Closed ru4sam326 closed 1 month ago
Can u plz respond?
@ru4sam326 Thank you for using the JS Speech SDK, and writing this issue up. The Java Speech SDK includes an echo cancellation model that mitigates background noise, while the JS Speech SDK does not, which is why the discrepancy you've encountered exists. Implementation in the JS Speech SDK is TBD. A couple of options on your end:
any example to use java api for browser side chat. We are building a chatbot listening to realtime speech to do the analysis, we went with js which is causing the noise as you mentioned.
So now how to stream the browser stream to java side speechsdk ??

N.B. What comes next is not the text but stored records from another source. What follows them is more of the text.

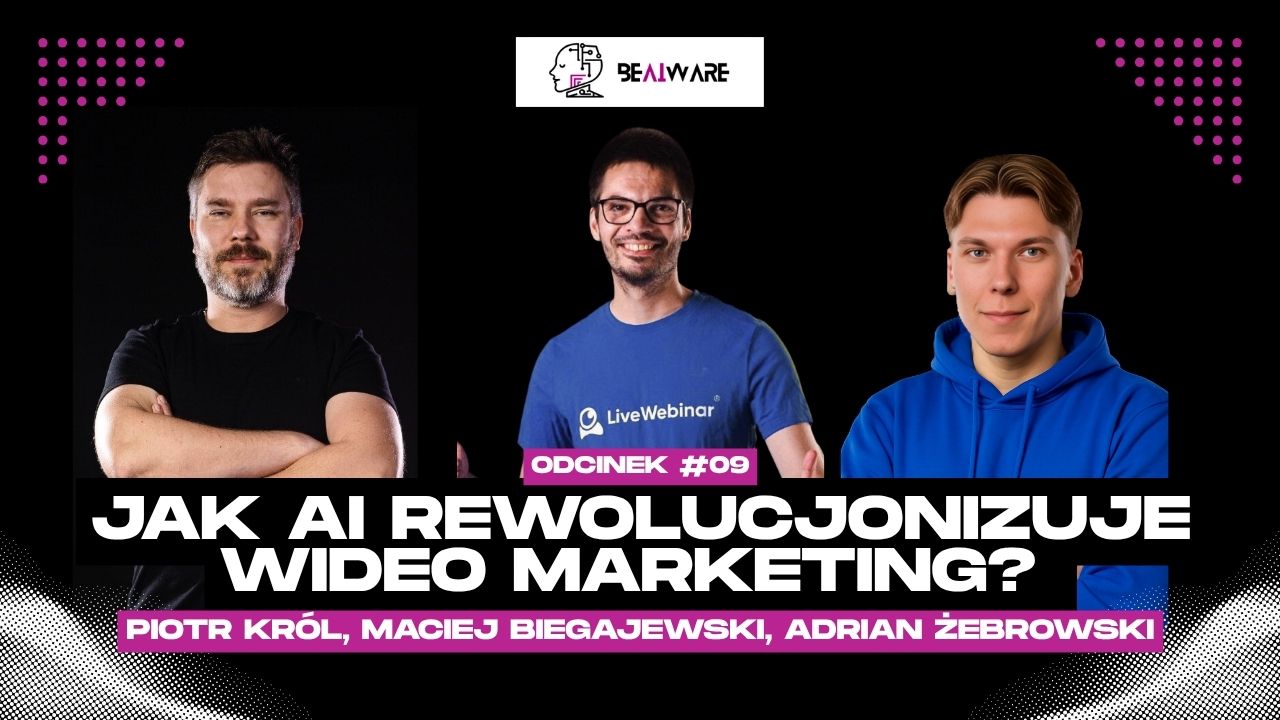 ![Jak AI rewolucjonizuje wideo marketing?[🎙️Podcast BeAIware x Piotr Król] Trzech prowadzących podcast o sztucznej inteligencji w wideo marketingu – Piotr Król, Maciej Biegajewski i Adrian Żebrowski na czarnym tle z tytułem odcinka.](https://beaiware.pl/wp-content/uploads/2025/07/Jak-AI-rewolucjonizuje-wideo-marketing--1024x576.jpg)
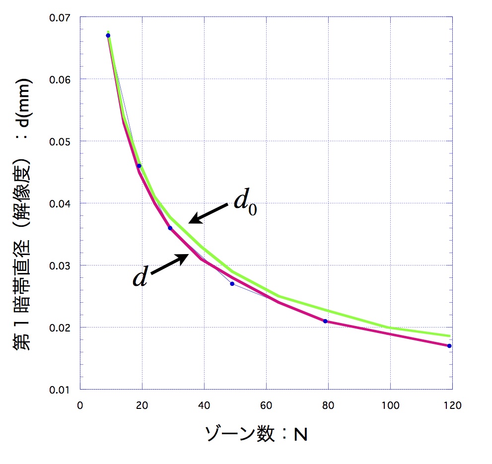 解像度(第一暗帯の中心円の直径)のゾーン数依存性の計算値(青丸)とこれにフィットさせた曲線(赤の実線)を表しています。
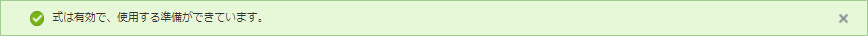 「検証」 をクリックします。 「式は有効で、利用する準備ができています。」 が表示されます。
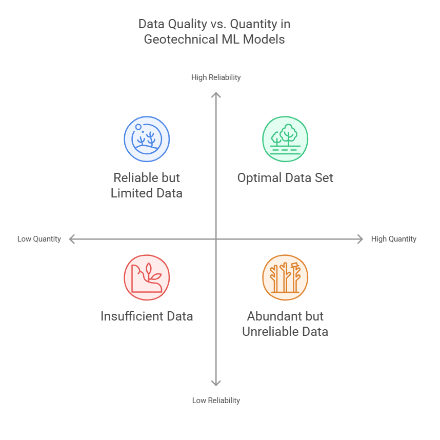 - Geotechnical Knowledge & Context: Data volume alone doesn’t define a model’s success. Instead, we must evaluate whether the data adequately represents the problem and whether it captures meaningful patterns.
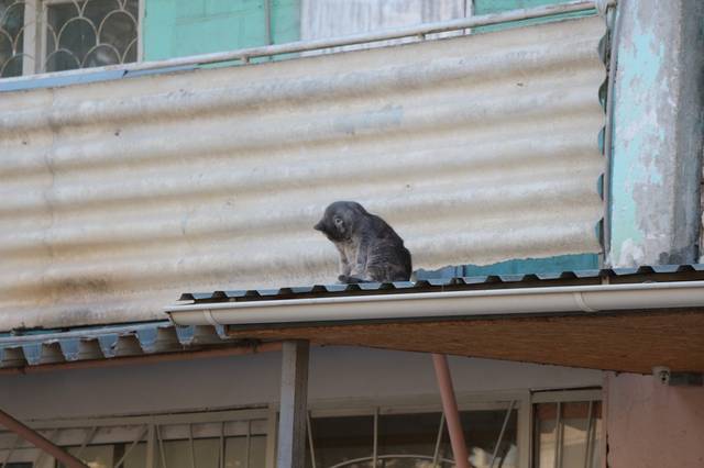 Вот так из ведра поливает свой палисадник житель дома №3.

If you are implementing this chatbot on Windows, there's an "Acoustic Echo Cancellation" setting you can turn on to see if the noise for JS is mitigated, see attached picture:
For Java, if you can access the outgoing audio stream, presumably you can transform to a 16KHz 16-bit PCM stream and adapt the push stream code here to send it to the Java recognizer for recognition.
Hi Team,
Could you plz share some samples on sending the audio stream from browser to JAVA. Will be really helpful for us. Tried some but they are not working.
Approach tried:
JS Code:
async initRecognition() {
const stream = await navigator.mediaDevices.getUserMedia(
{audio:true}
);
const options: RecordRTC.Options = {};
options.type = "audio";
options.mimeType = "audio/wav";
options.timeSlice = 3000
options.recorderType = StereoAudioRecorder
options.numberOfAudioChannels = 1
options.desiredSampRate=16000
options.sampleRate=16000
options.bitrate=16
options.ondataavailable = async (blob:Blob)=> this.dataavailable(blob);
const recorder = new RecordRTCPromisesHandler(stream,options);
recorder.startRecording()
async dataavailable(blob: Blob) {
console.log('blob',blob)
if(this.socket.OPEN=== this.socket.readyState){
this.socket.send(blob)
}
JAVA Code:
public void handleBinaryMessage(WebSocketSession session, BinaryMessage message) throws Exception {
byte[] arr = new byte[message.getPayloadLength()];
message.getPayload().get(arr);
SpeechConfig speechConfig = SpeechConfig.fromSubscription("**********************", "******");
speechConfig.setSpeechRecognitionLanguage("en-IN");
System.out.println("Started before");
Semaphore stopRecognitionSemaphore = new Semaphore(0);
PushAudioInputStream pushStream = AudioInputStream.createPushStream();
System.out.println("Started after");
// Creates a speech recognizer using Push Stream as audio input.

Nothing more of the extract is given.